Data extracted from a collection
* * *
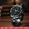 Elevate your Diamond-Cut Bezel Watch with a personal touch by incorporating your custom details like name, rank, and years of service. This unique addition commemorates your military experience in a stylish and meaningful way.
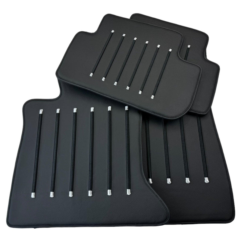 Enhance the luxury and style of your Rolls Royce Wraith (2013-2023) with these custom-fit leather floor mats from AutoWin. Made with premium black leather and adorned with black and silver stripes, these mats add both elegance and practicality to your vehicle. Experience perfect fitment and elevated comfort with AutoWin.
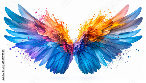 wing, imagination, fantasy, dream, freedom, colourful, vibrant, art, creativity, artistic, rainbow, abstract, surreal, inspiration, flight, soaring, angelic, magical, celestial, aethereal, design, illustration, concept, symbol, emblem, pattern, graphic, rainbow colours, decoration, artwork, plumage, bird, open, fly, spirit, aspire
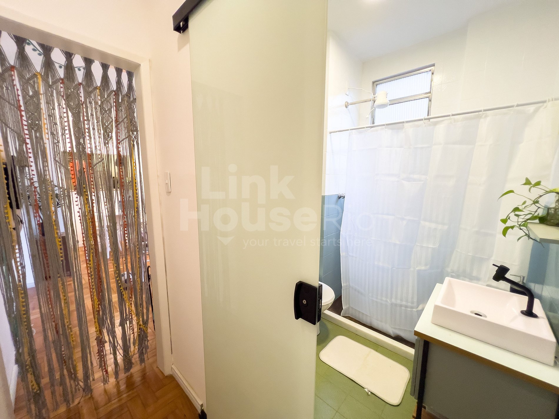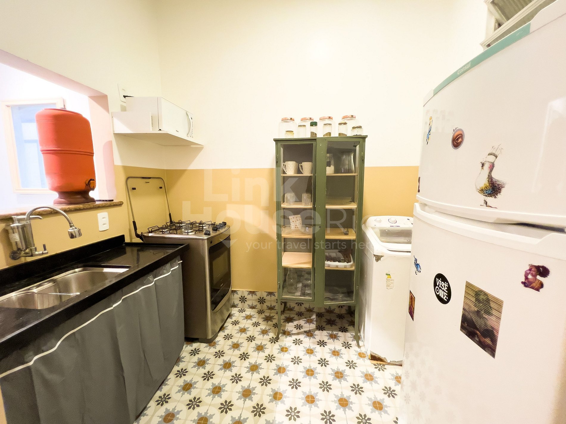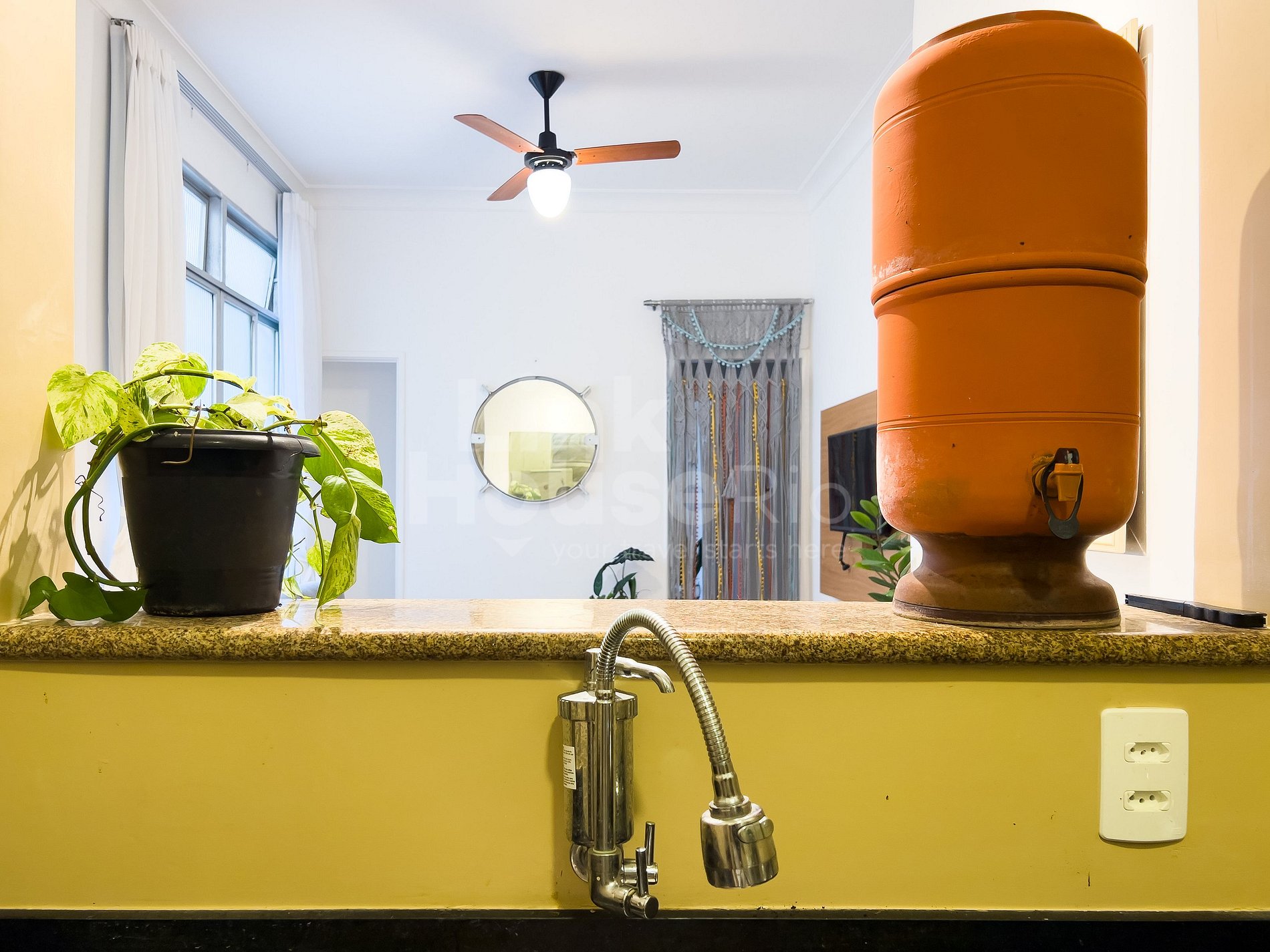 Possui 1 quarto com escrivaninha e grande guarda roupa, com ar condicionado, TV na sala com sofá cama e ventilador de teto, internet WiFi e cozinha compacta.
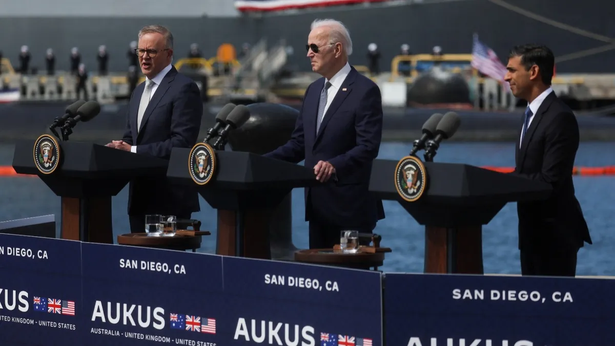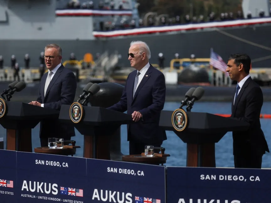 مؤتمر صحافي لزعماء الولايات المتحدة وبريطانيا وأستراليا عقب اجتماع بشأن تحالف "أوكوس" في قاعدة "لوما" البحرية بسان دييو في ولاية كاليفورنيا. 13 مارس 2023 - Reuters
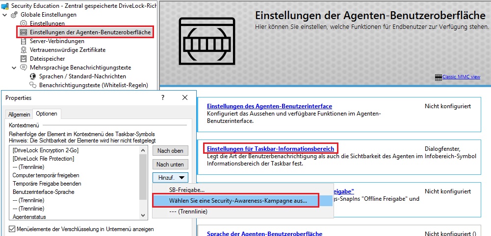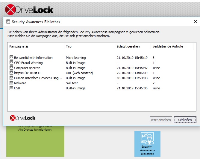 Anzeige der Security-Awareness-Kampagnen auf dem DriveLock Agenten
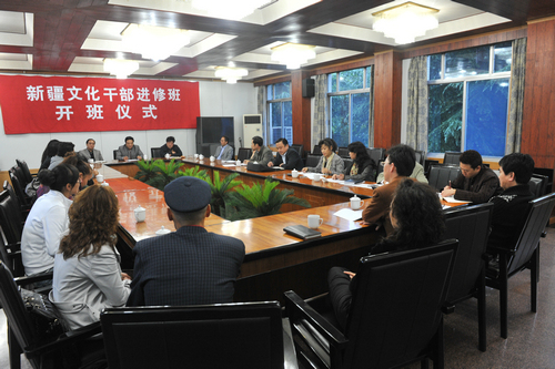2010年10月12日下午,学院在培院二楼会议室举行了新疆文化干部进修班开班仪式。院党委书记安宁、党委副书记常务副院长孙卫国、副院长白陆平出席,进修班学员及党政办、宣传统战部、声乐系、教务处、学工部、后勤处等有关部门负责人参加了开班仪式。
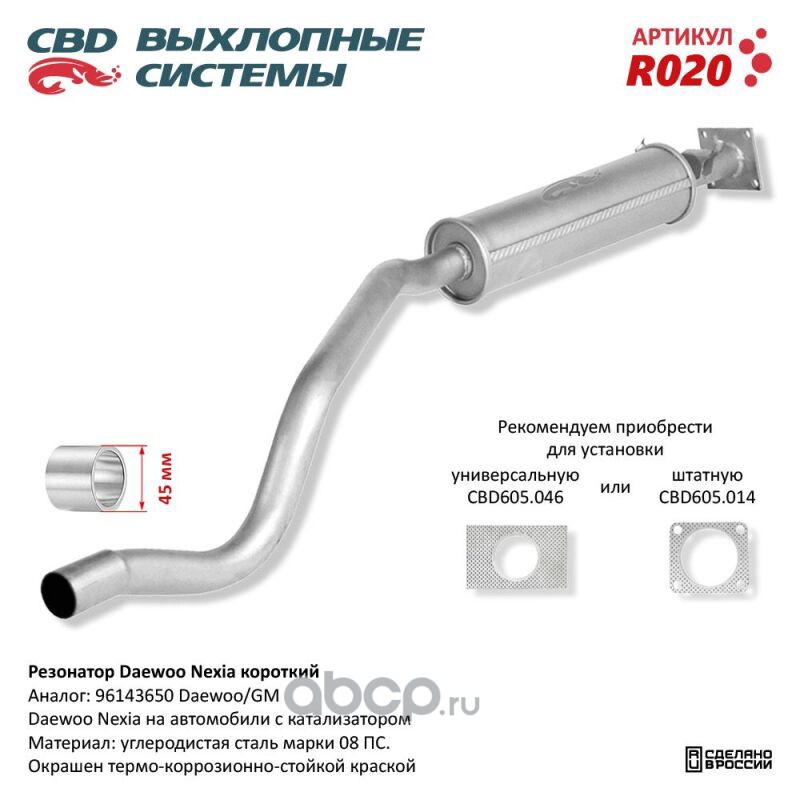 All World Cars - продажа Резонатор Daewoo Nexia короткий 96143650 CBD. R020 CBD r020 артикул R020 по всей России и странах СНГ. Развитая сеть представительств с быстрой доставкой товаров бренда CBD и гарантией выгодной цены. Покупая в AWC товар CBD каталожный номер R020 вы бережете свое время, нервы и деньги.
* * *
Task to complete
Retype, exactly as written, each line from the one containing "Possui 1 quarto" through the end of the data above, and leave out every picture.

Output of the exercise
 Possui 1 quarto com escrivaninha e grande guarda roupa, com ar condicionado, TV na sala com sofá cama e ventilador de teto, internet WiFi e cozinha compacta.
 مؤتمر صحافي لزعماء الولايات المتحدة وبريطانيا وأستراليا عقب اجتماع بشأن تحالف "أوكوس" في قاعدة "لوما" البحرية بسان دييو في ولاية كاليفورنيا. 13 مارس 2023 - Reuters
 Anzeige der Security-Awareness-Kampagnen auf dem DriveLock Agenten
2010年10月12日下午,学院在培院二楼会议室举行了新疆文化干部进修班开班仪式。院党委书记安宁、党委副书记常务副院长孙卫国、副院长白陆平出席,进修班学员及党政办、宣传统战部、声乐系、教务处、学工部、后勤处等有关部门负责人参加了开班仪式。
 All World Cars - продажа Резонатор Daewoo Nexia короткий 96143650 CBD. R020 CBD r020 артикул R020 по всей России и странах СНГ. Развитая сеть представительств с быстрой доставкой товаров бренда CBD и гарантией выгодной цены. Покупая в AWC товар CBD каталожный номер R020 вы бережете свое время, нервы и деньги.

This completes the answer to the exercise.